Stealth Viruses

A virus must change things in order to infect a system. In order to avoid detection, a virus will often take over system functions likely to spot it and use them to hide itself. A virus may or may not save the original of things it changes so using anti-virus software is handle viruses is always the safest option.

A virus, by its nature, has to modify something executable in order to become active when that executable is run. This might be a file, the boot sector, or partition sector (Master Boot Record); whatever it is, it has to change. Unless the virus takes over portions of the system in order to manage accesses to the changes it made, these changes will become visible and the virus will be exposed.

A stealth virus hides the modifications it makes. It does this by taking over the system functions which read files or system sectors and, when some other program requests information from portions of the disk the virus has changed, the virus reports back the correct (unchanged) information instead of what's really there (the virus). Of course, the virus must be resident in memory and active to do this.

Use of stealth is the major reason why most anti-virus programs operate best when the system is started (booted) from a known-clean floppy disk. When this happens, the virus does not gain control over the system and the changes and virus are immediately available to be seen and dealt with.

Important Note: Some viruses, when they infect, encrypt and hide the original information in the sector they infect. If you are infected, some people may advise you to use generic DOS commands (e.g., SYS and/or FDISK /MBR) to correct the problem. If you do this you run the risk of making matters much worse. Monkey, for example, encrypts the partition information and moves it. If you overwrite the virus with FDISK /MBR then you will no longer be able to see your hard disk as DOS will not recognize what's in the partition table and can't access the encrypted version without Monkey helping (anti-virus software knows how to get around this problem).

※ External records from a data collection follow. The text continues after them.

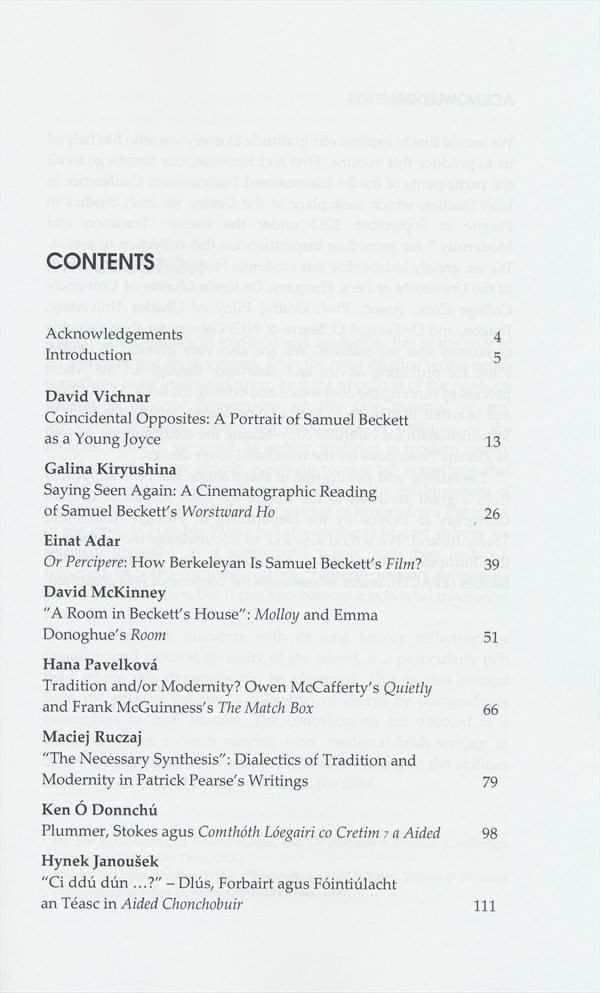 Sborník esejů věnovaných irské literatuře. Zvláštní pozornost je věnována dílům J. Joyce, P. Pearse, Ch. Plummera, E. Donoghue nebo S. Becketa.
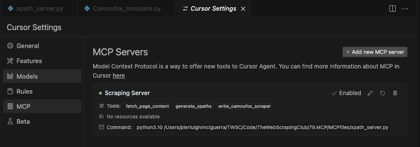 One of the great things about Cursor (an AI-powered IDE) is its built-in support for MCP servers as extensions of the AI’s capabilities. We will integrate our newly created MCP server into Cursor so that the AI assistant can use it to automate web scraping tasks (like generating XPath selectors for us).
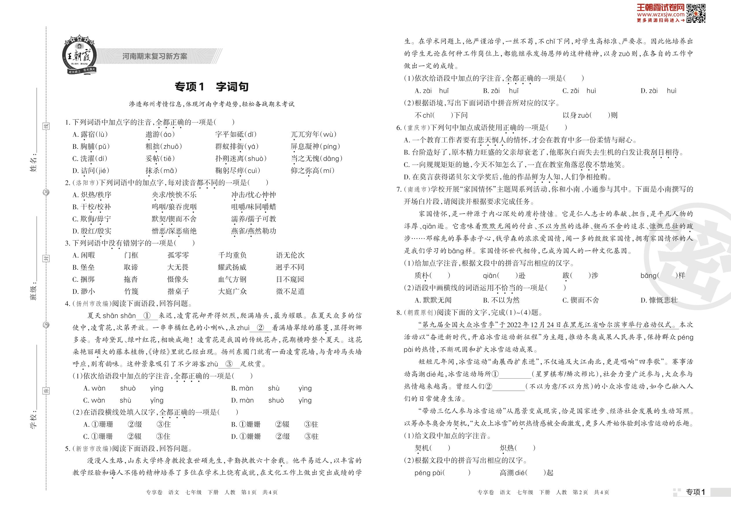 王朝霞期末专项卷——字词句七年级下册语文(人教版)_R230427140727796【1】

Never use undocumented commands (e.g., FDISK /MBR) to fix virus contamination. 
Always use an anti-virus package that can deal with the particular virus in question. 
Undocumented commands are undocumented for a reason!

Summary

In order to infect, a virus must change something.

A stealth virus takes over portions of the system to effectively hide the virus from casual (and not so casual) examination.

To better find stealth viruses be certain to cold boot from a known-clean (write protected) floppy disk and avoid generic DOS commands. Use anti-virus software to handle these viruses.